Try writing a detailed list of things you must do for at least five minutes before going to sleep.
Get Out of Bed
It may not be a good idea to stay in bed and try to fall asleep. This may teach your brain to connect your bed and bedroom with being awake. If you see that for more than 20-30 minutes, you are awake; you should get out of bed and do something else.
If you’re trying to sleep, but your brain won’t let you, you could go to bed too early. Different people need different amounts of sleep. Everyone is different, and some bodies only need six or seven. If you see that you need more than nine or ten hours of sleep, there may be something wrong with you, and you should talk to your doctor.
According to the CDC, the blue light that digital screens give off can make it harder to fall asleep. So instead, reading a real book can be a great way to keep your mind busy.
According to Johns Hopkins Medicine, reading in bed should be limited to no more than 20 minutes. If you’re still asleep after that, get out of bed and find another place to read until you’re ready to sleep.
Listen to a Podcast
You can listen to podcasts or audiobooks instead of reading if you don’t want to turn on a light or strain your eyes.
Podcasts and audiobooks still follow the same rules as books, though. First, find a subject that is neither exciting nor sad (lay off the heated political debates and murder mysteries, for example). And if you can’t fall asleep right away in bed, get up and listen elsewhere.

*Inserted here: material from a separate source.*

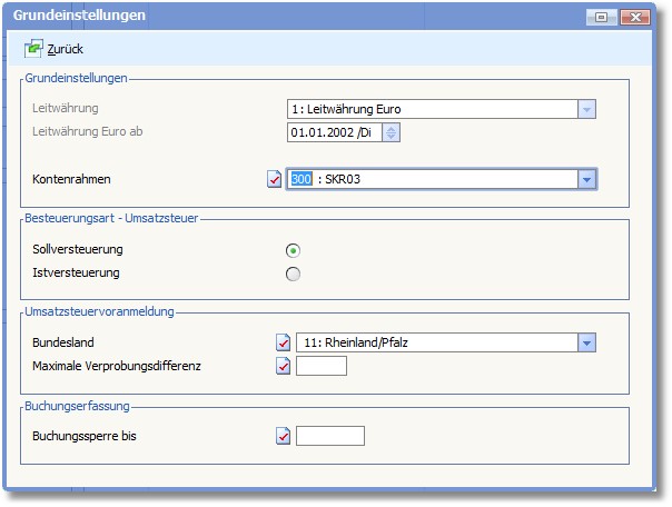 << Hier KLicken um eine Inhaltsübersicht anzuzeigen >> Navigation: Finanzbuchhaltung > Stammdaten > Basisdaten > Basisdaten - Menü "Bearbeiten" > Grundeinstellungen |

Try to listen calming sounds
There isn’t a lot of good research on sound therapy, but it might be worth a try for some people. For example, you could buy a white noise machine or download an app with soothing sounds to make the sounds you miss or love. They might help make the place where you sleep more comfortable.
A white noise machine or app might remind you of more peaceful times and take your mind off whatever is bothering you.
Pay attention to your breathing
Simple breathing exercises are another way to quiet your mind. Your mind is going to go back to other things, but it’s important to keep bringing it back to your breathing, in and out. A 2018 study published in Frontiers in Human Neuroscience found that deep, slow breathing can also slow down your heart rate. This can be helpful if you are worried or stressed about something in particular.
You can practice diaphragmatic breathing even when you are lying in bed. Try this method for deep breathing from sleep.
Put one hand on your chest and the other on your stomach. Take a two-second breath through your nose, feel your stomach grow, and then gently push on your stomach as you slowly let out your breath. Repeat.
Eat a light snack with carbs
Some foods should not be eaten right before bed. Eating a lot of protein can slow digestion and make sleeping hard. Also, you should avoid processed cheese, salami, and pepperoni, which can make the brain release a hormone called norepinephrine.
But a light carbohydrate snack, like a small serving of popcorn or whole-grain crackers, may help you sleep if you can’t. This is because carbs cause your brain to release serotonin, a sleep hormone. If it’s been hours since dinner, a small snack might also take your mind off your empty stomach.
If you’re too tired to sleep but can’t, you might be too excited to fall asleep. In this case, try relaxation techniques, like the ones in the RISE app, to help you calm down, relax, do exercises and get ready to sleep. Try to fix bad sleep habits, a misaligned circadian rhythm, insomnia, or an underlying medical problem, each of which has its own set of solutions. But if your problem persists after all of these, don’t take much time to visit a doctor or a physical therapist to see the exercises.